Before long, however, even the tireless warrior grew low on stamina. Lorogh felt his sword arm shivering with exertions, his muscles aching for rest and relief. As he almost began succumbing to the fatigue, he thought of Saoire's Dream, of the turtles, and imagined he was defending them as much as he was the Empire. This gave him a second wind he needed, filling his sinews with refreshed vigor.

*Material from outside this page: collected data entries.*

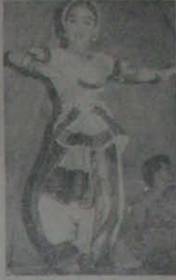
కోపూరు తిరునాళ్లలో ద ర తి వాట్యం చేసిన దాం కళాకారిణి స్వరూప.

మునిసిపల్ ప్రాంతంలో ఇళ్ళు కట్టు నెల్లూరు —ది మల్లిభార్తున్ కోవారంపే, ముందుగా మునిసిపాలిటీ *
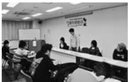
青年部総会に17人が参加

お問い合わせ 千住支店 TEL. 03-3882-3121 担当 中西・石橋 ご相談は ローンセンター TEL. 03-5813-8306 (土日営業) 中央労働金庫 http://chuo.rokin.com
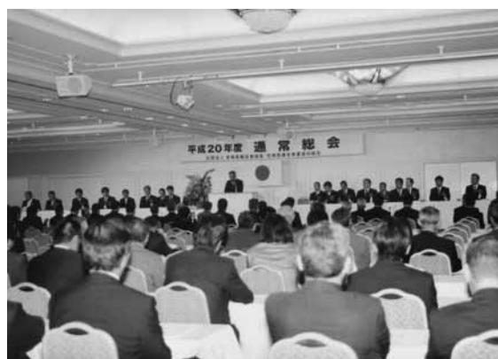
児玉会長代行あいさつ

なお、平成20年度における全国建設業協会会長、宮崎県建設業協会会長等の表彰受賞者は別記のとおりです。おめでとうございます。
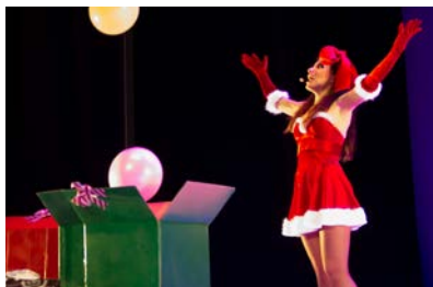
La patinoire • Samedi 4 décembre

Boutique éphémère de créateurs au 5/7 rue Porte-Côté.
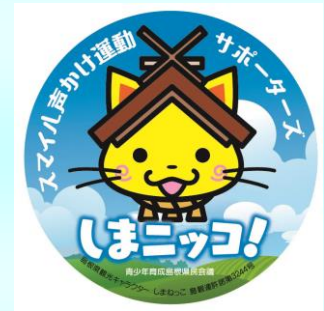
しまニッコ！缶バッジ
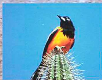
Trupial ( Icterus icterus )
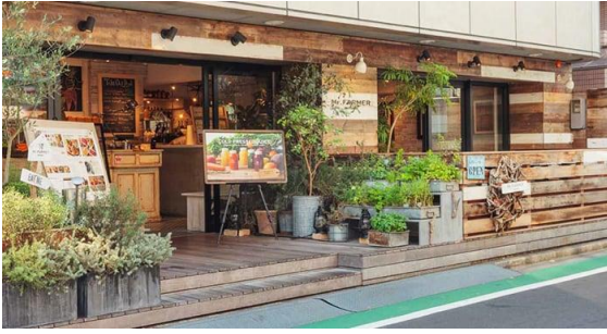
Mr.FARMER 表参道店 東京都渋谷区神宮前 4-5-12 セピア原宿 1F 03-5413-4215
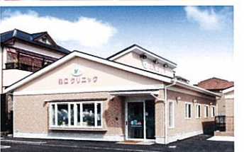
西宮市段上町6-17-30 TEL:0798-57-3792 HP: http://moriguchi-clinic.deca.jp/
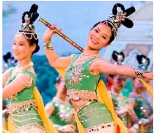
Tanz-Tradition aus dem Reich der Mitte

送您一句真言 为您生命永远 愿您明白真相 全家幸福平安 “ 法轮大法好 真善忍好 ”
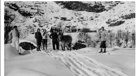
Skiturister på Grøtteland.

Lorogh felt near five feet tall at this point, and whirled like a dervish with his sword. The blade turned and spun like a rotary blade, cutting through bone and putrid flesh alike as if he were clearing the grass of a green lawn. The bones parted against his silvery sword, turning into shards of shrapnel. Eventually, however, all good battles came to an end, and so it was when the shards of bone left strewn about suddenly came to life. Their sharpness forged in the violence unleashed against them, they all careened for the position of Lorogh, stabbing him from a thousand different angles.
Lorogh shuddered as each bone shard pierced his hauberk, digging their way into his flesh. He could already feel his control slipping away, as the necromantic giant that controlled them all began playing with him, as if he were their new puppet. Lorogh danced a strange dance then, almost as if he existed only for the amusement of the necromantic overlord. The dance was not like that which he'd been engaged in just prior. It was more of a merry jig, which he danced along with the rest of hte marrows, which continued to rise from the snowy fields all around.
Music began to play from somewhere in the distance, an understated whistle and whine that called to his bones to move.
It was around this time that Lorogh woke up.
He was startled awake by the shaking of one of his fellow soldiers, and the sudden stoppage of the wagon he was riding upon. "Lorogh! We've arrived. It's time to dig the ice moat, says Sergeant..."
Lorogh grunted as he rose from his prone state, and saw the darkness all around them. It was night-time, or else dawn. Possibly not the best time to be digging ice out for a moat, or some other defensible position. In fact, moats in the Winter Reach were not very common at all, given that the snowfall often rendered their defenseiveness moot. But he obeyed the orders of his Sergeant, as ever. Perhaps engaging in some menial task would purge the memories of blood and carnage from his mind, as he went forward to set up the defensive position for the village they were defending.
He could only hope that such horrors as weighed upon his mind would pass in time. For the time that was now, he could grab a shovel, and daydream about being back at his workshop, with no battles to fight and no blood to shed.
Perhaps he wasn't cut out for a soldier's life afterall? Or perhaps he'd get used to the whole killing part of it. He didn't like killing men, he decided. Monsters were much better targets, as were fixed fortifications. He could only hope that the lines held from now on, and he wasn't made to fight blooded soldiers again...
Anyway, there would be time enough for worrying later. For now, he endured the cold and dug trenches with the rest of the men.